Saturday, September 5, 2009

I FINALLY did it!

I got a new blog background! Thanks to Danielle and her super cute and funny baby blog see:

www.sweetchloelight.blogspot.com

And... (disclaimer, this one gets a little deeper than my usual blog entries)

I am shaking the "swine flu"/strep throat like sickness I have been battling for the last two weeks. Throw in a little PMS and my my, what a cocktail of misery! No wonder Ryan "went fishing in Savannah for the weekend"...

But more important than all that, I reorganized our living room furniture, cleaned out my jewelry studio and started on a new little collection for a late fall sale, tried KFC grilled chicken, am actually enjoying Chemistry and Statistics class (gasp!) and went one whole week without the poodle chewing up anything with more than a $10 value. Awesome.

The new living room format started it all over the last two weeks! The new format is much more conducive to having guests and watching movies, but I'm not sure about the level of "design intergrity". (I think it's ugly) Unfortunately, since we have a great house (cough cough... big mortgage payment) and one of us is gainfully employed while the other is underemployed, in school, and addicted to participating in equestrian sports; my perfectly sketched out living room furniture and design, including rug, is to remain in the same folder as the: barn plans, pic of the white Aston Martin Vanquish convertible, build your own F-250 King Ranch printout, 50 acre horse farm with original historic stone house, lake and adjoining organic farm ad, and the business cards from my favorite estate jewelry dealers which I have been collecting for years.

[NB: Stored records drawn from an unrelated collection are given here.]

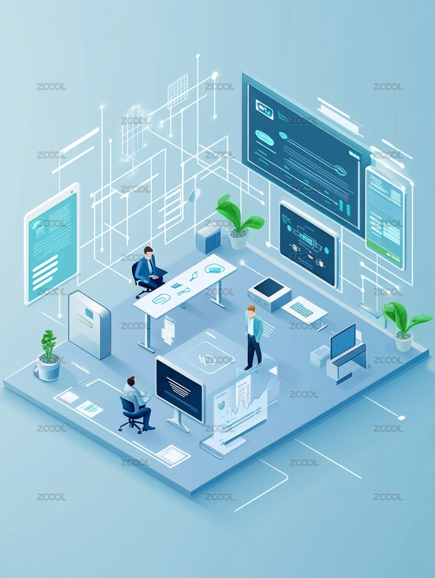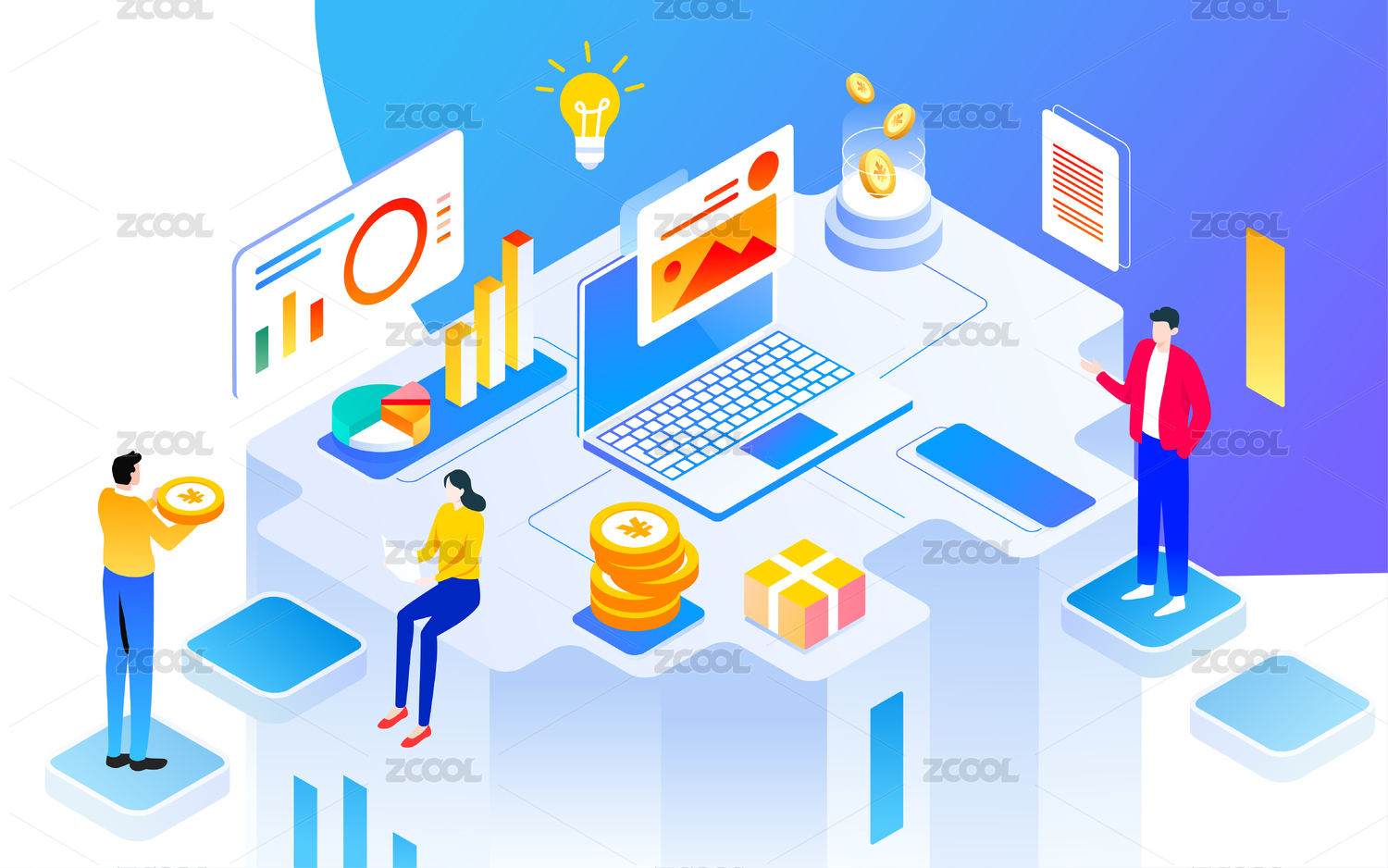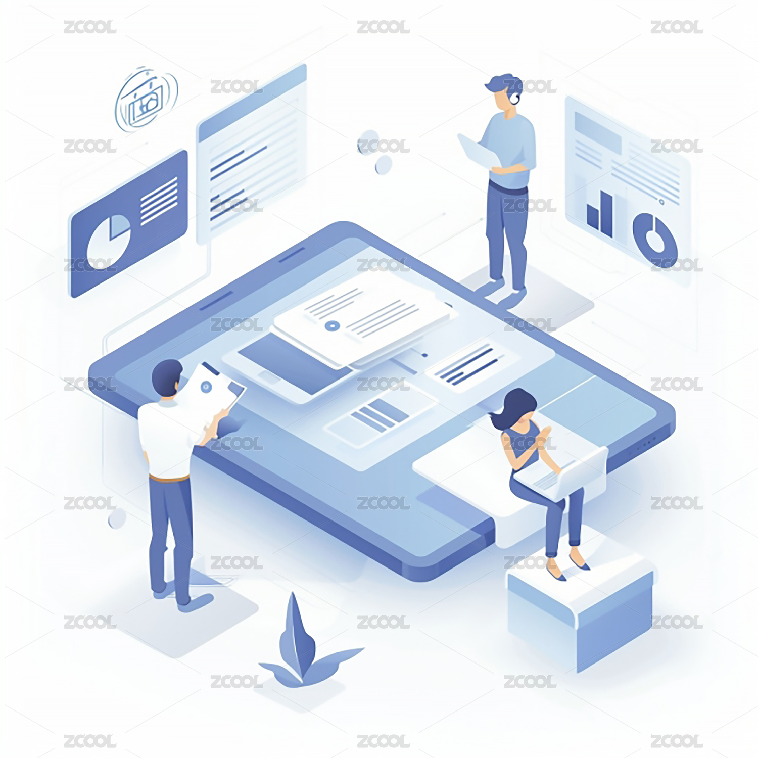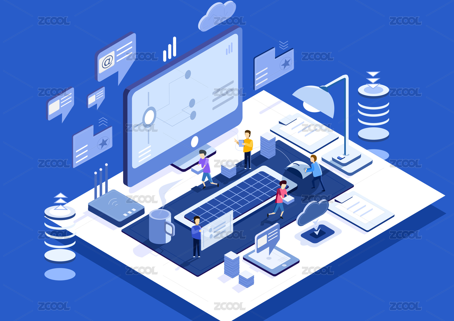 2.5D办公场景等距插画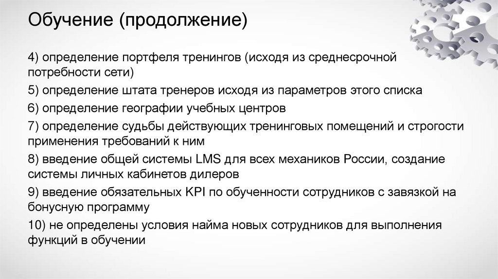 Обучение (продолжение)4) определение портфеля тренингов (исходя из среднесрочной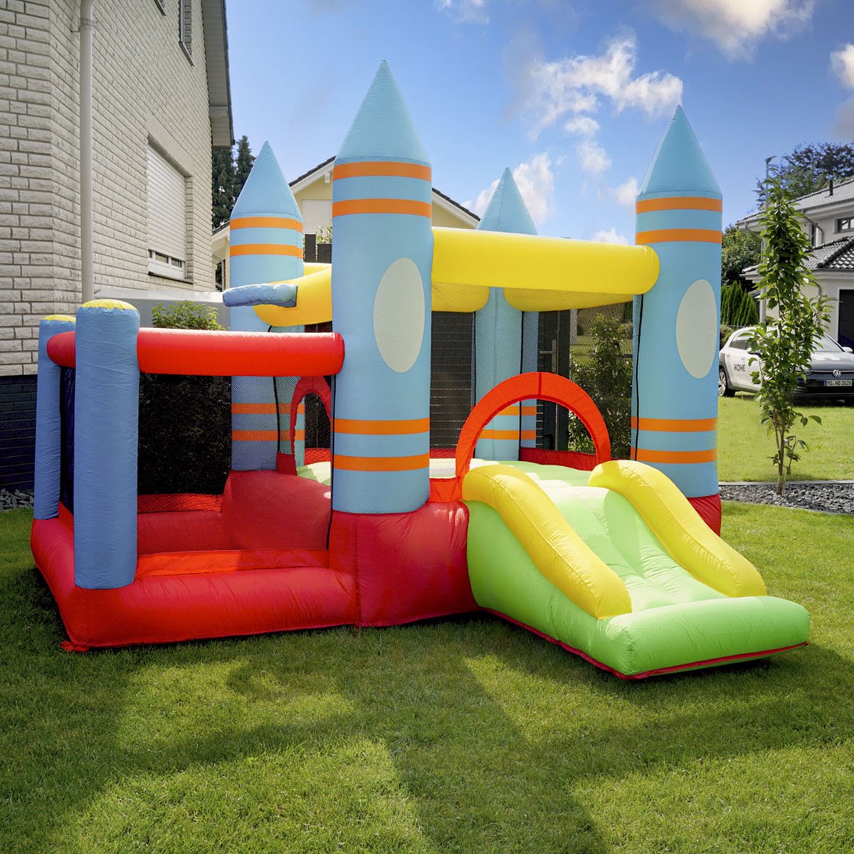 Overzicht:Het compacte springkasteel FABI is perfect voor Nederlandse tuinfeestjes en kinderfeestjes, met koninklijk kasteeldesign en vier torens. Met afmetingen 270 x 295 x 210 cm biedt het voldoende speelruimte en past het eenvoudig in de tuin.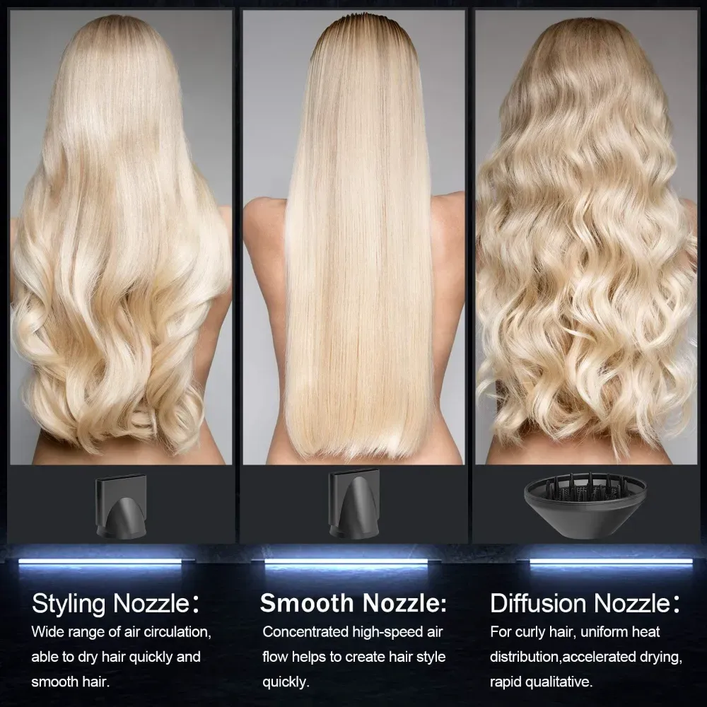 What's more, this hair dryer comes with 3 nozzles and 3 different wind speeds, so you can customize your drying experience.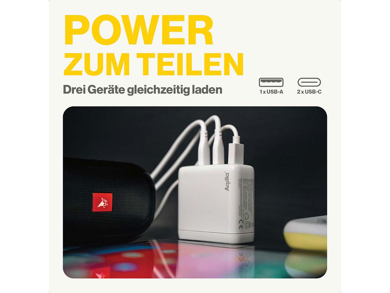 - Mit Ausgängen für USB-C und USB-A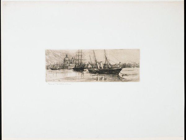 Carl Locher made this print, "Fra Københavns Rhed," using etching, a printmaking technique involving acid, sometime in the late 19th century. Here we see the port of Copenhagen rendered in exacting detail, with its ships and gentle waters. Denmark was a seafaring nation, and Copenhagen a key trading hub, so it is no surprise that an artist of the time would choose this subject. But what might otherwise be a straightforward landscape is also a glimpse into the institutions of art in Denmark at the time. Locher studied at the Royal Danish Academy of Fine Arts and was part of the artistic community centered around the Skagen Painters. This group emphasized realism and plein air painting. By making a print, Locher was engaging with a medium that allowed for wider distribution of his art. To understand this work more fully, scholars consult historical records of the Danish art world, economic data about shipping, and biographies of the artist and his peers.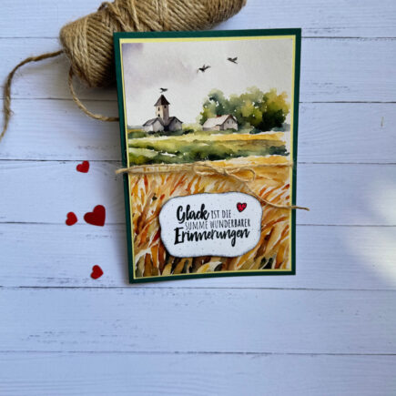 Spätsommerlich kommt heute meine Karte daher.Und sie soll ausdrücken, dass „Glück“ einfach oft die Summe der schönen Erinnerungen ist… Materialien: Aus meinem Bestand: Anleitung: Aus dem gelben Tonpapier die Mattung und dem Designpapier das Motiv zuschneiden und aufeinander kleben. Ein Stück Kordel darum binden und …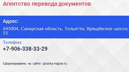 Агентство перевода документов по адресу 445004, Самарская область, Тольятти, Хрящёвское шоссе, 51 в дальнейшем Организация, размещена в следующих категориях: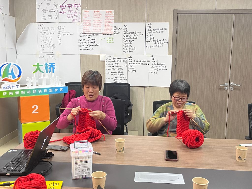 爱心藏在针线里,一针一线皆是情。本次小组所招募组员皆为鹊华九里居社区内回迁居民,小组以“寻找年味,传承文化”为中心主题,满足辖区居民多元化精神文化需求的同时,唤醒辖区居民家乡归属意识与社区责任意识。在寻找年味中探寻中华传统“年”文化所蕴含的人文关怀与邻里温情,以“中国红”爱心围巾为抓手挖掘辖区居民志愿服务能量,传递向上向善的中国年味内涵。下一步,大桥街道社会工作服务站将会立足辖区居民服务需求,开展更加多元、多彩、到位的服务。
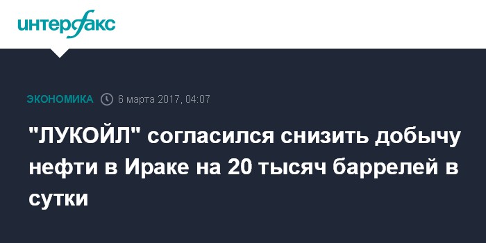 Москва. 6 марта. INTERFAX.RU - "ЛУКОЙЛ" на 20 тыс. баррелей в сутки готов снизить нефтедобычу в Ираке, который участвует в соглашении о снижении нефтедобычи с квотой в 210 тыс. баррелей в сутки, сообщил журналистам министр нефти Ирака Джабар Али аль-Ляиби в кулуарах энергетической конференции Ceraweek в Хьюстоне.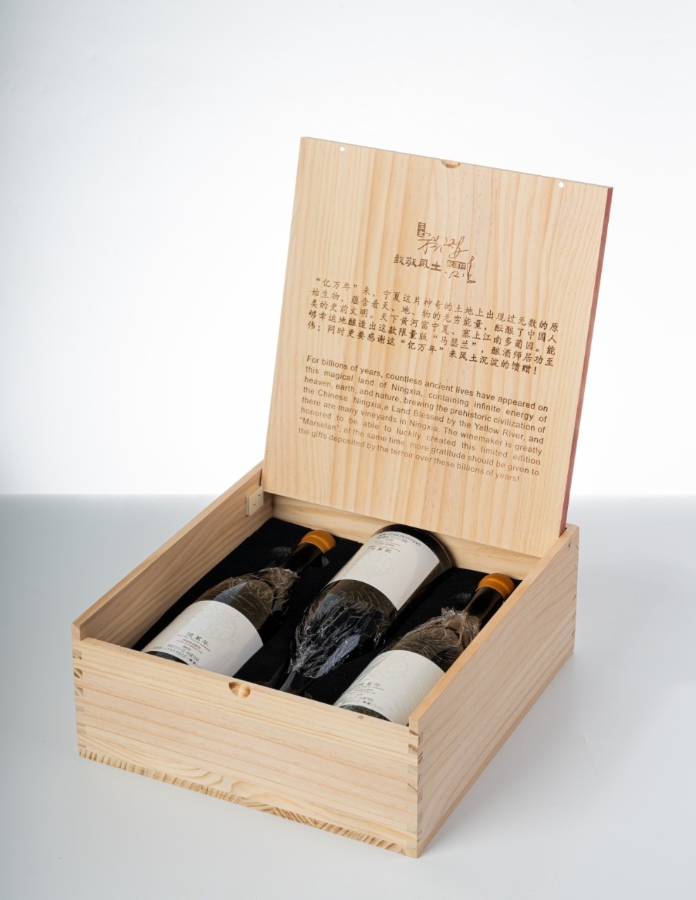 品牌故事:“亿万年”来,宁夏这片神奇的土地上出现过无数的原始生物,蕴含着天、地、物的无穷能量,酝酿了中国人类的史前文明。天下黄河富宁夏、塞上江南多葡园。能够幸运地酿造出这款限量版“马瑟兰”,酿酒师居功至伟;同时更要感谢这“亿万年”来风土沉淀的馈赠!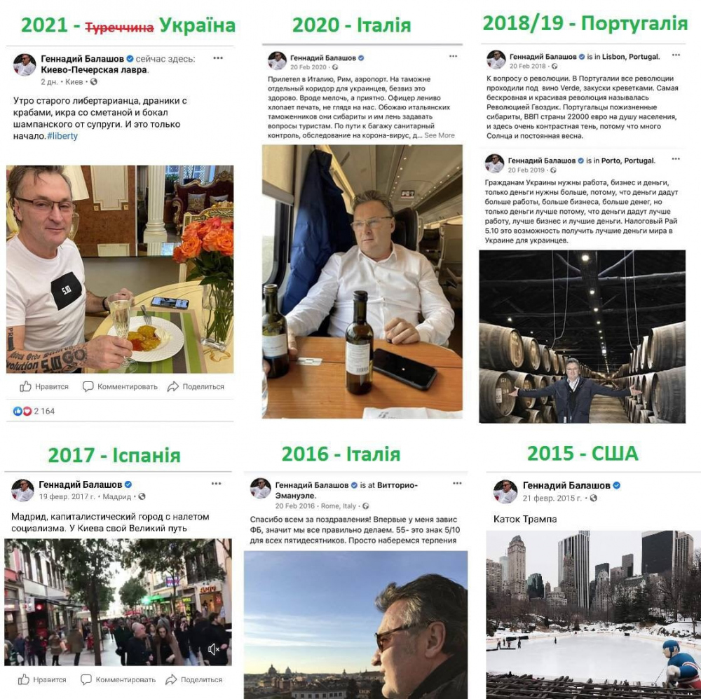 Лидер партии «5.10» Балашов пытался улететь в Стамбул, но ему запретили покидать УкраинуУкраинский бизнесмен, блогер, глава либертарианской партии «5.10» Геннадий Балашов собирался улететь в Турцию, но не смог из-за запрета покидать страну. Об этом в Фейсбук сообщил политолог Виктор Таран. Он пояснил, что запрет выезжать из Украины связан с тем, что Балашова обвиняют в невыплате алиментов. Такие выводы сделал эксперт, изучив материалы реестра исполнительных производств. «Против Балашова открыли исполнительное производство из-за неуплаты алиментов. А по закону такие лица не имеют право покидать территорию Украины, пока не выплатят долги. Таким образом, Балашов получил статус невыездного», — уточнил Таран. При этом, по словам Тарана, это не единственный скандал, в который влип лидер партии. Политолог говорит, что несколько недель назад бизнесмен избил мужчину. Политолог добавил, что 18 февраля Балашов хотел отметить 60-летие в Стамбуле. Но что-то пошло не так: предпринимателя задержали пограничники в аэропорту Борисполь. В результате политику не дали разрешения на вылет, в связи с чем ему пришлось праздновать именины дома. Кстати, это впервые за 7 лет, так как до этого в день рождения бизнесмен уезжал – например, в США, Испанию, Италию и Португалию. СМЕРТЬ РОССИЙСКИМ ОККУПАНТАМ! Заметили ошибку? Выделяйте слова с ошибкой и нажимайте control-enter |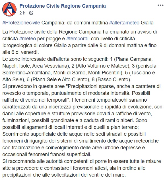 Questa quanto appreso dalla pagina Facebook della Protezione Civile Regione Campania:

Sometimes, I look at this folder and wonder when or if any of these "material girl dreams" will in fact materialize. I also have much more realistic desires like granite countertops and a fenced backyard and sometimes think about where the heck my "bailout" check that must be lost in the mail from Washington is! J/K about the check. Anyway, then, I think about whether or not any of that stuff really is important and whether I should spend time wanting it at all. Maybe I am still in the "quarter life crisis" stage of life (don't laugh, this really happens) or maybe I was just reared in a culture where material things were paralled with "dreams" and markers of success. Am I not sucessful until my folder is empty? Will I be satisfied if it is? These uncertain economic times have slammed my generation on its "I have a college degree and therefore a job, a 3 series BMW, and I eat sushi in Buckhead 3 nights a week while wearing Tori Burch flats and a Tibi top" entitled hiney. We can all pretend that we aren't shocked by stories of people our parents age losing their entire retirement saving in the stock market or when we open that letter from our credit card company lowering our limit "just because", but I think we ARE shocked. This was not the plan. This generation did community service since middle school, we are college educated and multi-lingual, we gladly took unpaid internships and worked at summer camps to build our resumes. We did all the right things and burst into the "real world" expecting the same things we saw those just a few years older enjoying and BAM...the real world said, "put it in the folder honey cause youre not gonna see it anytime soon". So no new furniture and no fenced yard. We work our hineys off to do what we should and pay the mortgage instead of expecting someone else to save us. We slowly pay off those student loans and we get letters in the mail about how the "homestead exemption" has not been funded by the state this year and the property taxes are going up. After spending a few days realizing that after the mortgage, health insurance, car payments and insurance, bills, etc... are paid, there's still more to be paid, it hit me. The stuff in the folder is SO not important and so not an indicator of success. The things my culture taught me were important to have were only important under a completely different economic context.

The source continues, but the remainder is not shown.